Ms. Veselenak said her organization is showing the award-winning documentary about global warming, An Inconvenient Truth, to community gatherings in Rogers City and across the county. She observed that the movie generally enjoys a far more positive reception in rural communities than it does in town.
Trust the State
Mr. Harkleroad, the former planning commissioner, is especially worried about the city’s drinking water supply, which lies below the quarry where the plant could be built, and is the site where Wolverine could bury its highly toxic coal ash.
"Wolverine supplied the information that they wanted us to see that would point out it was a ‘clean coal’ plant," he said "Any technical information as to how it would work, or what kind of mercury or heavy metals it would put out, was not supplied. They simply said they could not answer at this time."
But Commissioner Bruder said that simply does not worry him—nor should it. He said that the county and city did not look more closely at the project because officials trust that the Michigan Department of Environmental Quality, which oversees the environmental permits, will protect area residents and environment.
"By the time somebody goes through the permits I believe they will make sure the people are safe. I am convinced of that," the commissioner said.
He added: "If we don’t build one power plant in Rogers City, is it going to change the quality of air over the whole world?"
Going Green Means More Jobs
Ironically, those pushing for modernizing the state’s energy policy instead of building new coal plants point to the same argument that Mr. Bruder and other Rogers City coal plant supporters do: Jobs.

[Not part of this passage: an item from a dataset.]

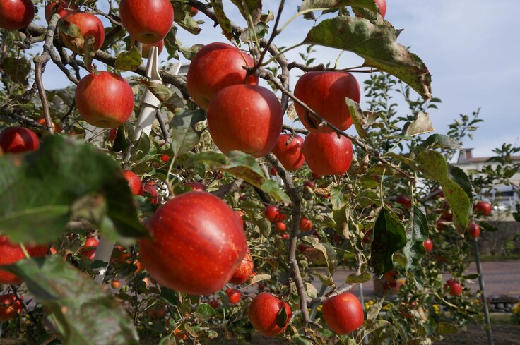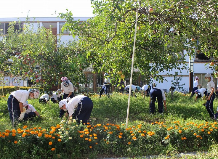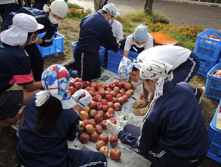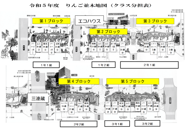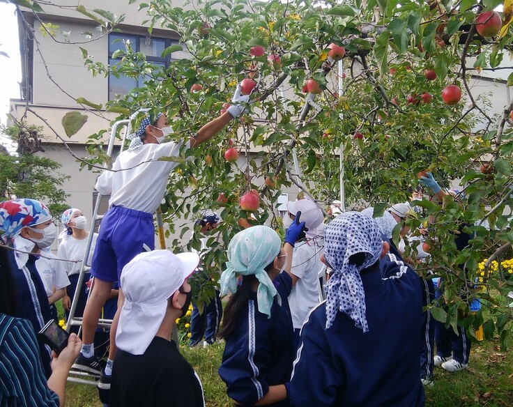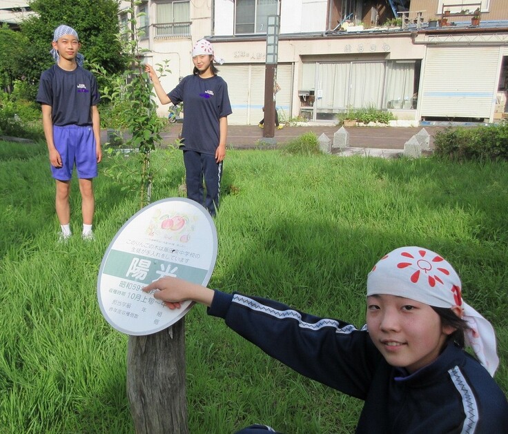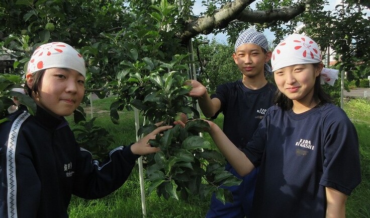 令和5年度、長野県飯田市のシンボルである「りんご並木」が70周年を迎えます。私たち飯田市立飯田東中学校生徒は、先輩方から脈々と受け継がれてきたりんご並木の維持管理にかかわってきています。現在、りんご並木には12品種26本のりんごの木が植えられています。その中の2本は昭和28年に植えられた初代木です。今年70年目の実をつけています。りんご並木に26本あるりんごの木を、1クラス4~5本、クラスの木として大切に生長を見守り、秋には実ったりんごを収穫しています。
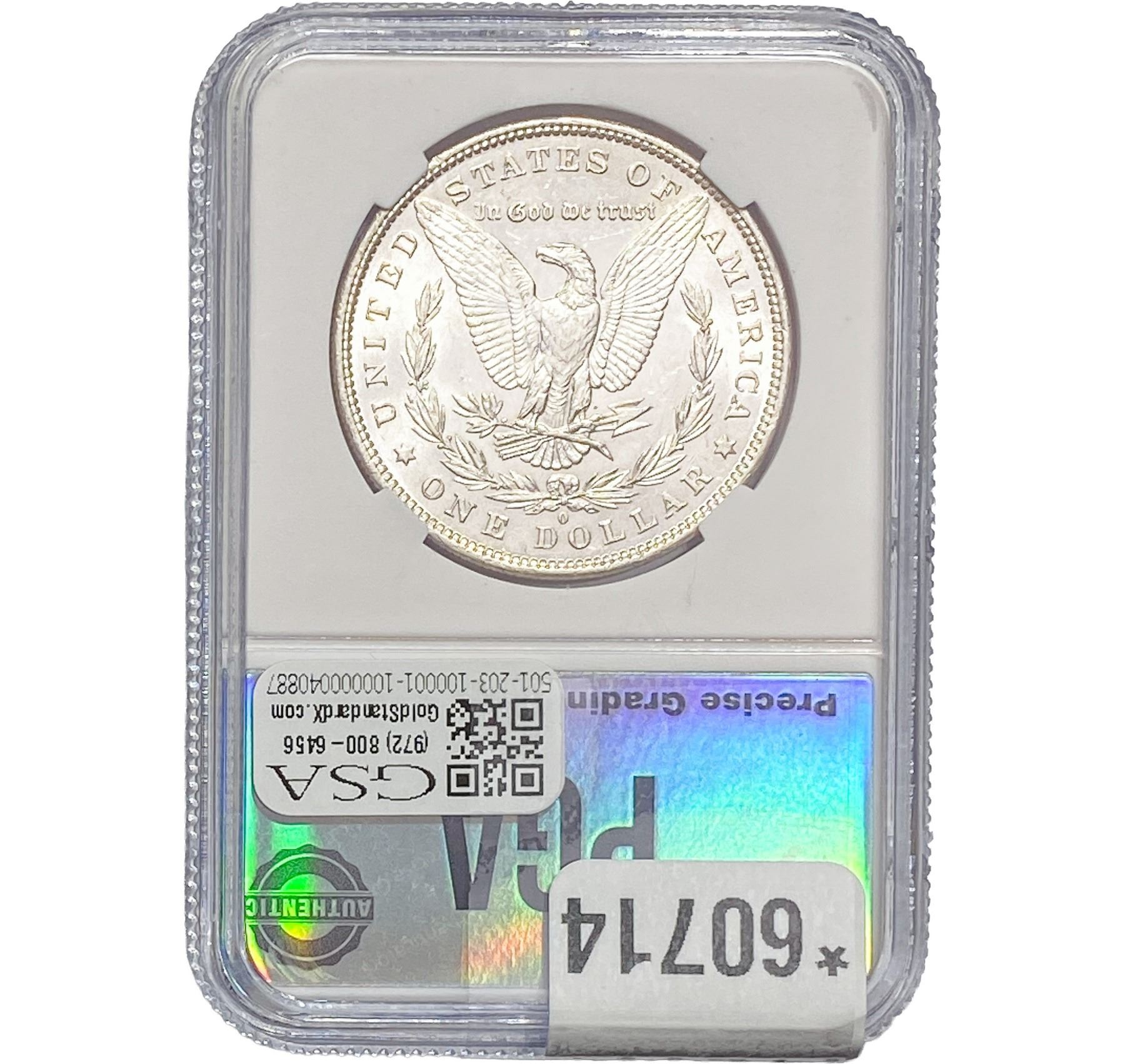COINS AND CURRENCY LISTED IN GSA’S CATALOG AS GRADED AND ENCAPSULATED BY PCGS, NGC, ANACS, ICG, PCGS CURRENCY, PMG, PCGS BANKNOTE GRADING, CMC OR ANY OTHER THIRD-PARTY GRADING SERVICE ARE LIKEWISE SOLD “AS-IS” EXCEPT AS EXPRESSLY SET FORTH HEREIN. ALL THIRD-PARTY GRADING SERVICE GUARANTEES, INCLUDING AUTHENTICITY, ARE THE SOLE RESPONSIBILITY OF THE THIRD-PARTY GRADING SERVICE AND NOT WARRANTIES OR GUARANTEES OF GSA. BIDDERS SHOULD CONTACT THESE THIRD-PARTY GRADING SERVICES DIRECTLY WITH RESPECT TO ANY CLAIMS OR QUESTIONS THEY MAY HAVE CONCERNING THEIR GUARANTEES AND WARRANTIES. BIDDERS ACKNOWLEDGE AND AGREE THAT AUCTIONEER IS NOT BOUND BY OR LIABLE FOR ANY OPINION OR CERTIFICATION BY ANY THIRD-PARTY GRADING SERVICE. REMOVAL OF A PRODUCT FROM ITS PROTECTIVE CASING OR HOLDER OR ALTERATION OF ANY COIN HOLDER WAIVES ALL RIGHTS CONCERNING THE PRODUCT CONTAINED THEREIN.

Renewing America’s Economy, a study released by the Union of Concerned Scientists in September, 2004 found that requiring utilities to obtain 20 percent of their electricity from renewable sources by 2020 would produce a net gain of 4,900 jobs in Michigan. More generally, the study found that renewable energy sources produce 2.3 times more jobs than new natural gas and coal power plants.
In a separate study in 2001, researchers at the University of Illinois’s Regional Economics Application Laboratory determined that a regional plan to boost energy efficiency, renewable energy, and co-generation facilities, which produce both heat and power, would create 38,000 jobs in Michigan and increase the gross state product by $3.4 billion by 2020.